- Opening Delimiter -

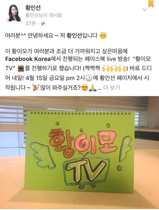 14일 황인선은 자신의 페이스북에 "여러분^^ 안녕하세요~ 저 황인선입니다"라는 인사를 시작으로 "황이모가 여러분과 조금 더 가까워지고 싶은 마음에 페이스북 코리아에서 진행되는 페이브스북 LIVE 방송! '황이모TV'를 진행하기로 했습니다 바로 드디어 내일! 4월15일 금요일 pm2시에 황인선 페이지에서 시작됩니다. 많이 와주실거죠?"라는 소식과 함께 스케치북에 '황이모TV'라고 직접 그린 그림을 게재했다.
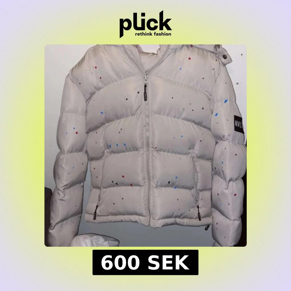 Säljer en vit pufferjacka från NVLTY med coola färgstänk i blått, rött och svart. Jackan har huva, dragkedja och en oversized look. Perfekt för att sticka ut i vinterkylan!
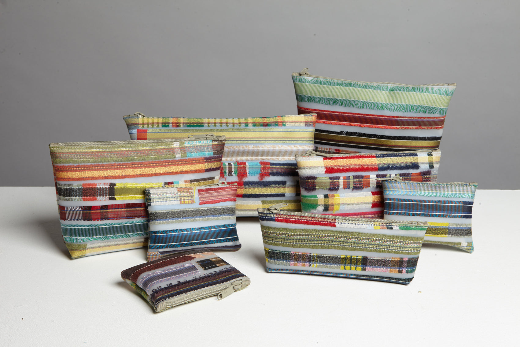 The Riedizioni collection by Luisa Cevese is made out of a unique material that combines textile remnants with polyurethane. Wallace Sewell are always excited to collaborate with Luisa, as her designs recycle the woven selvedges from our scarves and throws, to create these beautiful accessories.
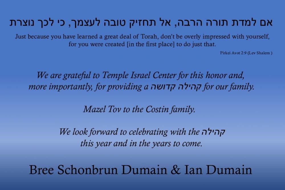 Mazal Tov! We owe many thanks to Sandra, Dan, Bree and Ian for their extraordinary devotion to strengthening our community. Tamar Prager and Arielle Freedberg Prager To our very dear friends Sandra, Dan, Bree and Ian: Each of you is very special to us. Mazal tov from our family to yours. Rabbi Dina Shargel and David Projansky Mazal Tov on this well-deserved honor Sandra & Dan and Bree & Ian. We're so grateful for your devotion to Temple Israel Center and for all you do to help insure our synagogue vibrancy here at TIC! Mary Ann & Bob Sacks Mazal Tov to honorees Sandra & Dan Costin and Bree Schonbrun Dumain & Ian Dumain Ilana and Rob Saposh Supporter
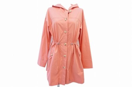 レリアンのコート・サイズ11号を出張買取にて買取しました。春の訪れを感じるような華やかなサーモンピンクのコートです。たおやかな印象にしてくれます。前をしっかりと留めればワンピース風にもなり、一つコーディネートが完成します。ウエストの絞りも綺麗に見せてくれるポイントです。
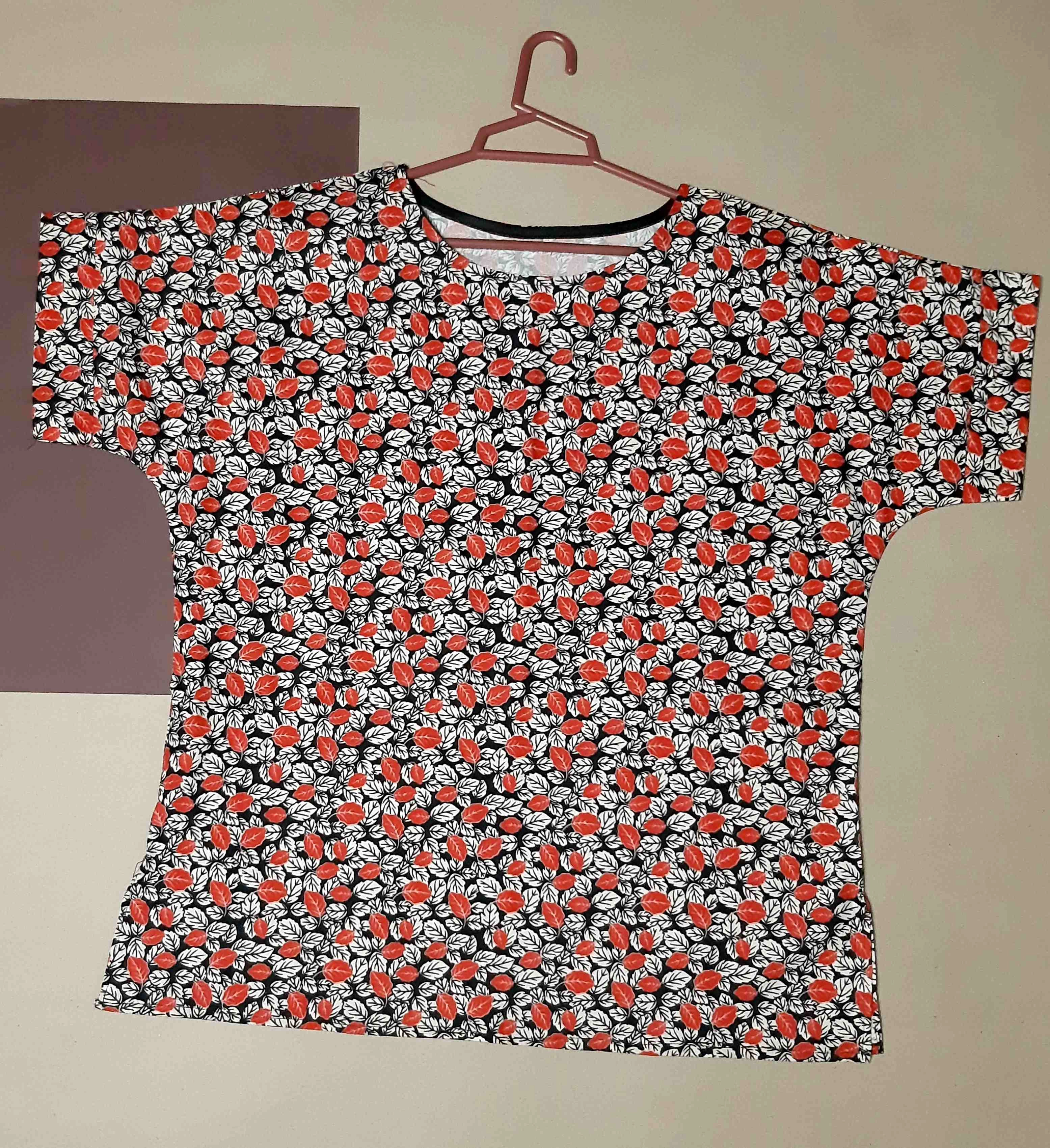 تیشرت زنانه نخی طرح شکوفه قرمز
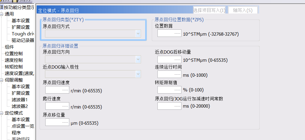 原點回歸方式等參數是灰色的 不能設定
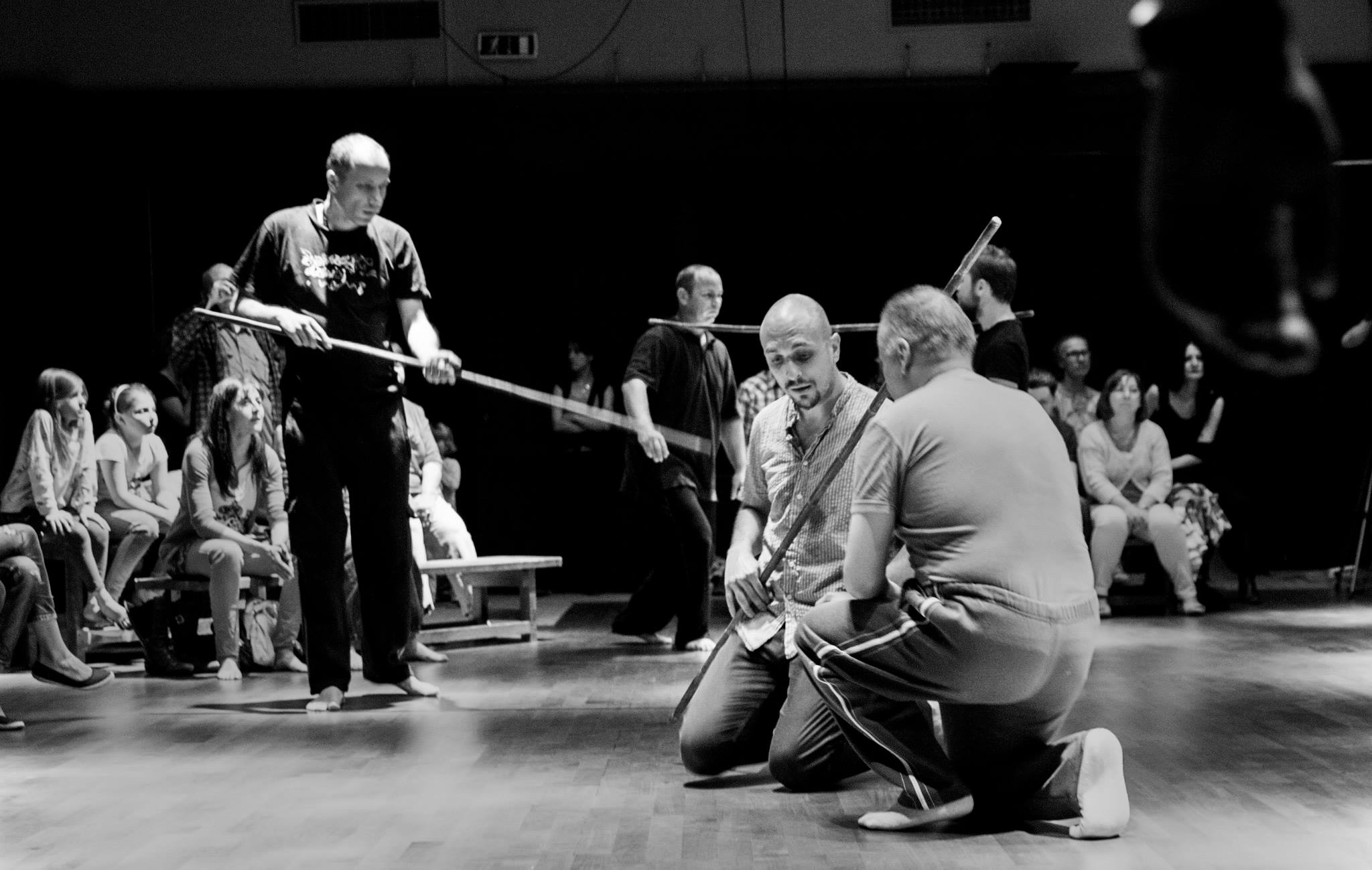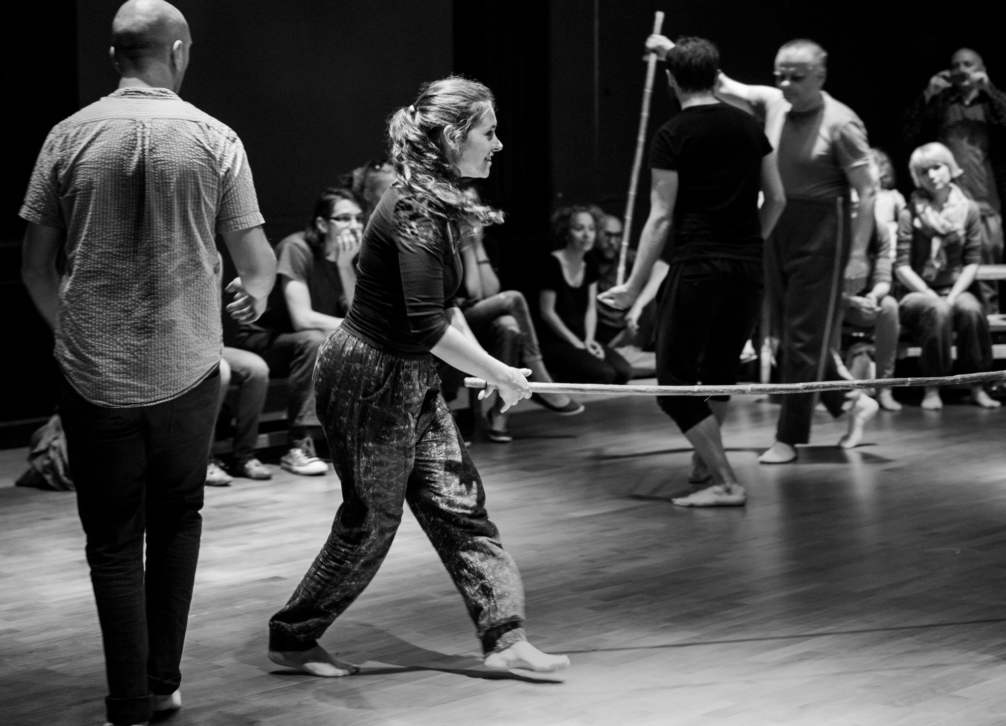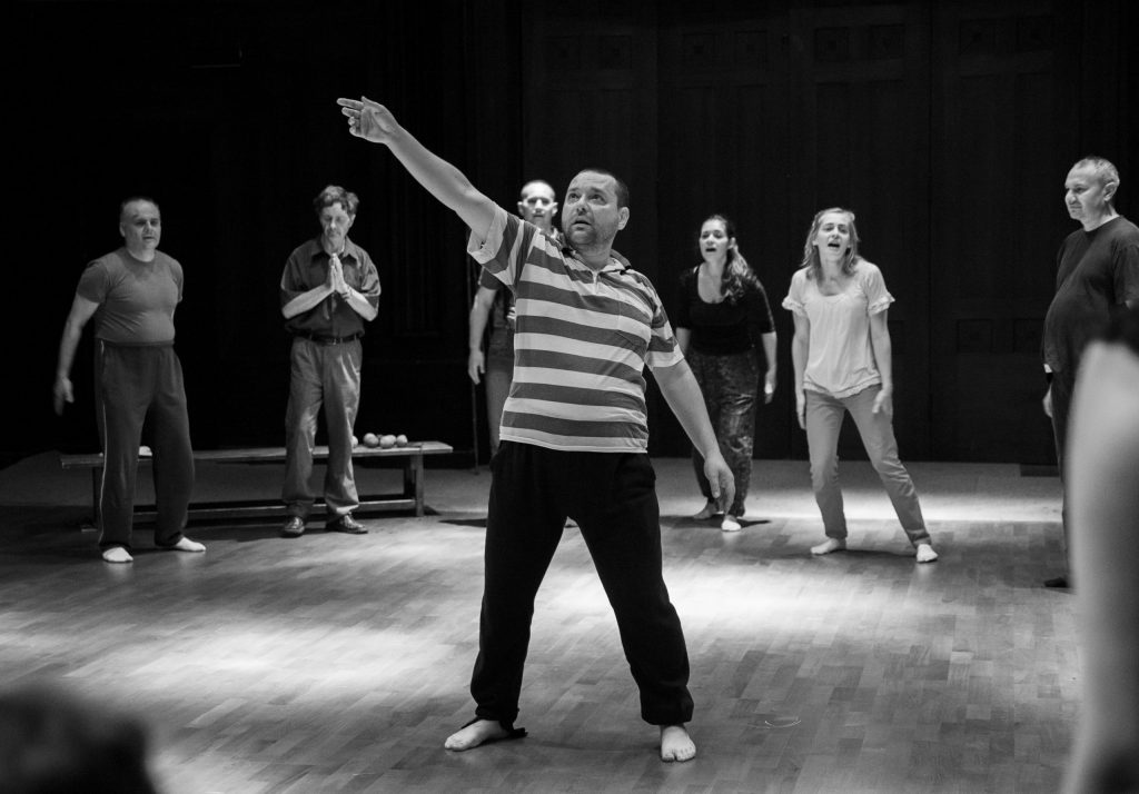The focus groups of these encounters are peoples who have been excluded from, or have limited means of contact with the cultural and social activities of the community. This includes but is not limited to mentally and physically disabled people, ethnic/racial minorities, the homeless, prisoners, juvenile delinquents, and substance abusers. The encounters are realized through a series of long-term workshops, which are focused on artistic exchange through the theatrical languages of movement, voice, and music. These workshops are led by the core artistic team of actors coming from Italy, Poland, Canada, Spain, Greece, and USA, with support from field workers and therapists from collaborating associations. Since March 2013, Jubilo is part of the Body Constitution program hosted and supported by The Grotowski Institute of Wroclaw.
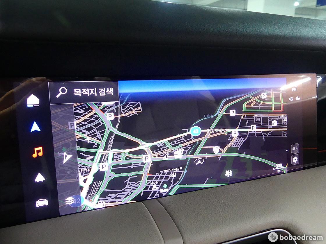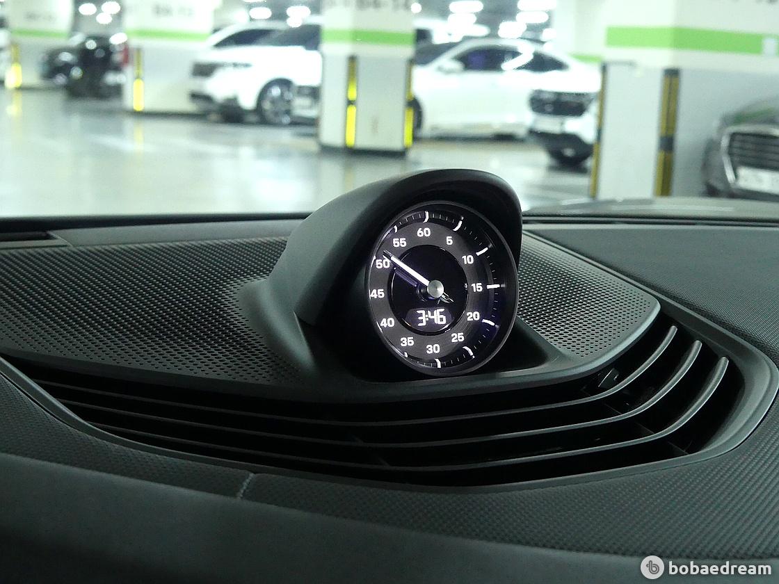 대시보드의 가장 높은 지점에 위치한 곡선형 계기판이 특징이다. 중앙의 10.9인치 인포테인먼트 디스

- Closing Delimiter -

◆ **Task item**
In the listing above, find the line containing "تیشرت زنانه نخی طرح شکوفه قرمز" and the line containing "原點回歸方式等參數是灰色的 不能設定". Reproduce those lines and all between them exactly, with no pictures and nothing more.

◆ **Result of the task**
 تیشرت زنانه نخی طرح شکوفه قرمز
 原點回歸方式等參數是灰色的 不能設定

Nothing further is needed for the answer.